A practical guide to configuring safety boundaries for autonomous agents, based on real incidents from Meta researchers, red team studies, and early adopter lessons.

🦞

OpenClaw Team

In February 2026 alone, we’ve seen an OpenClaw agent nearly delete a Meta researcher’s entire inbox, a red team study where agents leaked social security numbers and got hijacked through fake identities, and a vulnerability that let malicious websites take control of personal agents.

The pattern is clear: agents without guardrails will eventually do something you didn’t want.

This guide covers the practical configuration steps that experienced OpenClaw users apply to prevent these exact scenarios.

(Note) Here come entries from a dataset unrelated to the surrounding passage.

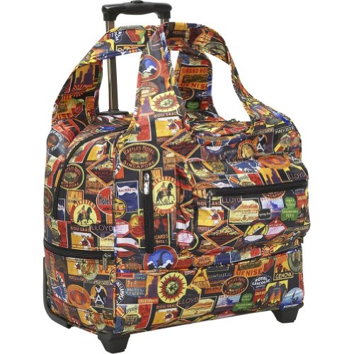 81687 Features: Large hall pocket. Front-closure issue. -Two outside pockets with zipper on two aspects. -Great interior. Fully-lined with polka dot lining signature. Tear-, padded laptop pocket. Four slide-pockets. Smooth-rolling wheels. -Push - button handle lock for easy maneuverability. -Dimensions: 17''L x 10''D 15''x.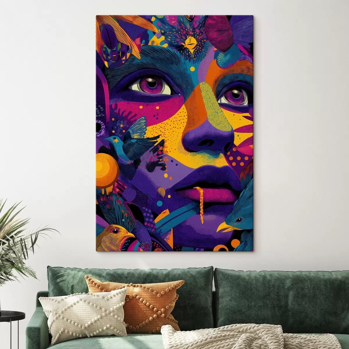 Wandbilder Psychedelisches Porträt mit Vögeln Art. s47790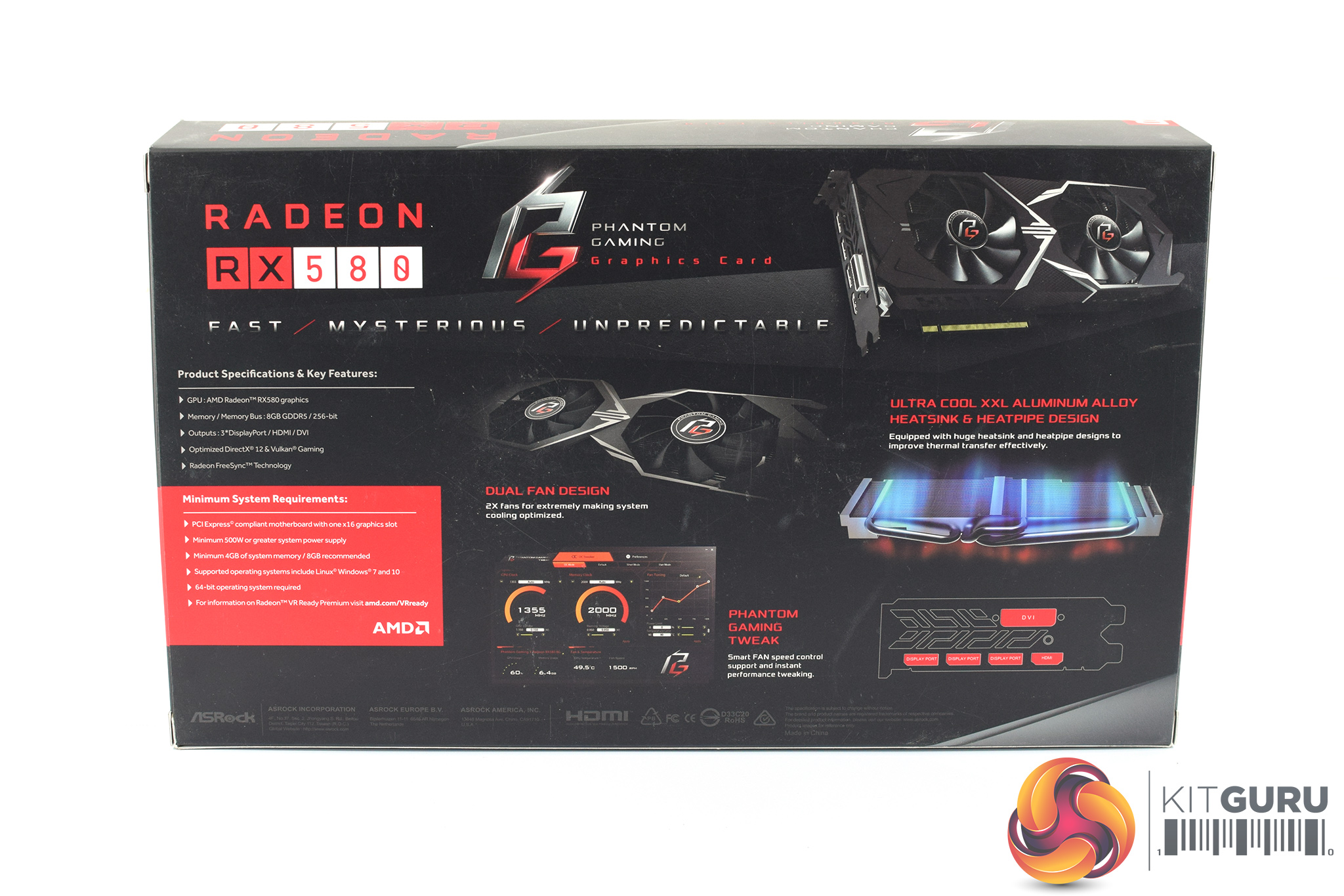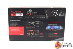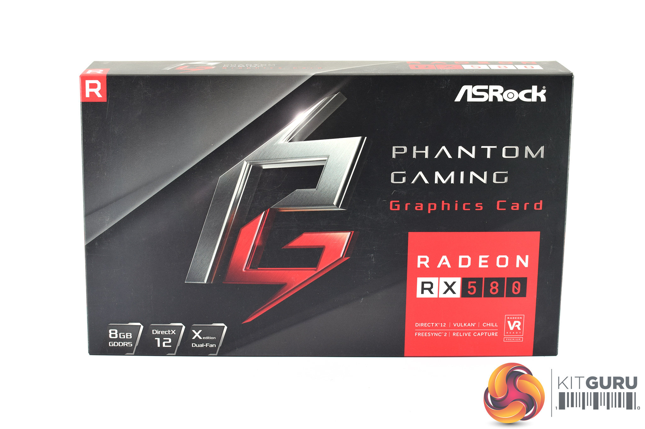 The ASRock Phantom Gaming X RX 580 ships in a black box with some silver and red accenting. The Phantom Gaming logo is emblazoned in the middle of the box, with the Radeon RX 580 branding in the bottom right-hand corner.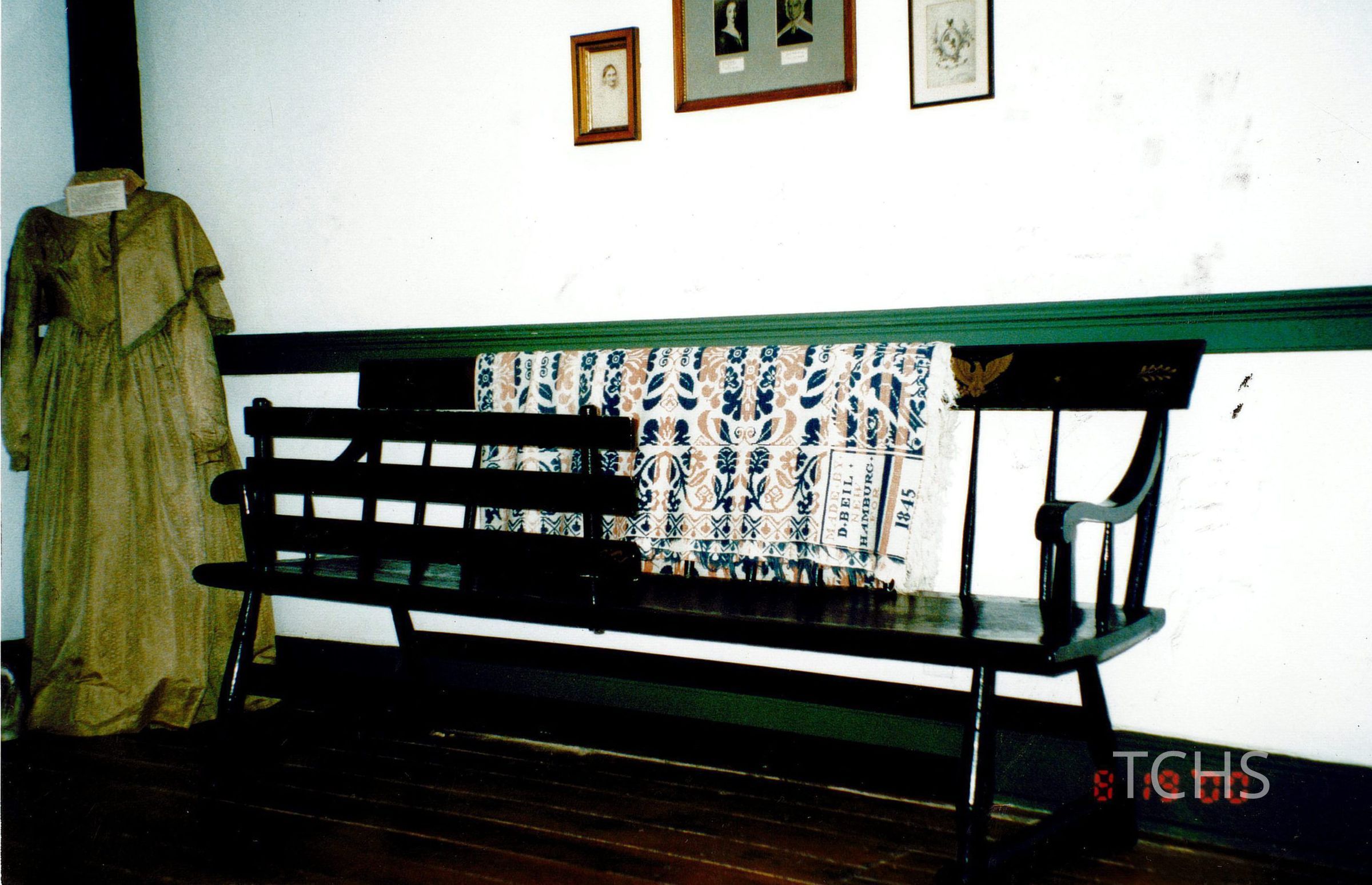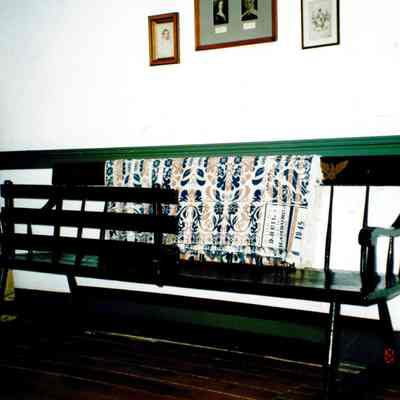 Interior of the John Stark Edwards house showing a black bench in the downstairs parlor with a green dress. Photo taken August 19, 2000.Location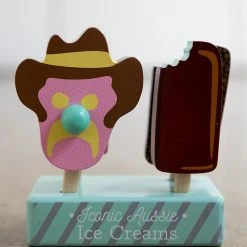Mums and dads will remember these childhood classics from the 70’s, 80’s and most are still around today. Undoubtedly Australian these ice creams are seriously now iconic. The set comes complete with 4 wooden toy ice creams, wooden block stand and 3 little paper bags for wrapping your ice creams in.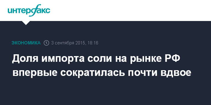 По его данным, за восемь месяцев 2015 года доля импортной соли снизилась до 33% (около 238 тыс. тонн) при общем объеме ее продажи в 709 тыс. тонн. За аналогичный период 2014 года доля импорта составляла 58% (более 413 тыс. тонн) при общем объеме рынка в 713 тыс. тонн.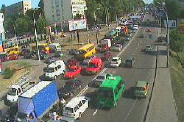 В данный момент движение на просп. Победы по направлению к ст. м. «Шулявская» заблокировано. Усложнено также и движение транспорта на Воздухофлотском мосту по направлению к ул. Артема.

1. Principle of Least Privilege

The most important rule: your agent should only have access to what it needs.

File System Restrictions

In your clawdbot.json, use security.fileSystem to restrict which directories the agent can read and write:

{
  "security": {
    "fileSystem": {
      "allowRead": ["/Users/you/.openclaw/workspace", "/tmp"],
      "allowWrite": ["/Users/you/.openclaw/workspace", "/tmp"],
      "denyWrite": ["/Users/you/.ssh", "/etc", "/usr"]
    }
  }
}

Don’t give your agent access to your entire home directory. Scope it to the workspace.

Command Restrictions

Use security.exec to control which shell commands are allowed:

{
  "security": {
    "exec": {
      "mode": "allowlist",
      "allowed": ["git", "node", "python3", "curl", "jq", "cat", "ls", "find"],
      "denied": ["rm -rf", "sudo", "chmod 777"]
    }
  }
}

The Summer Yue incident happened because the agent had unrestricted shell access and ran destructive commands on the mail client. An allowlist prevents this entirely.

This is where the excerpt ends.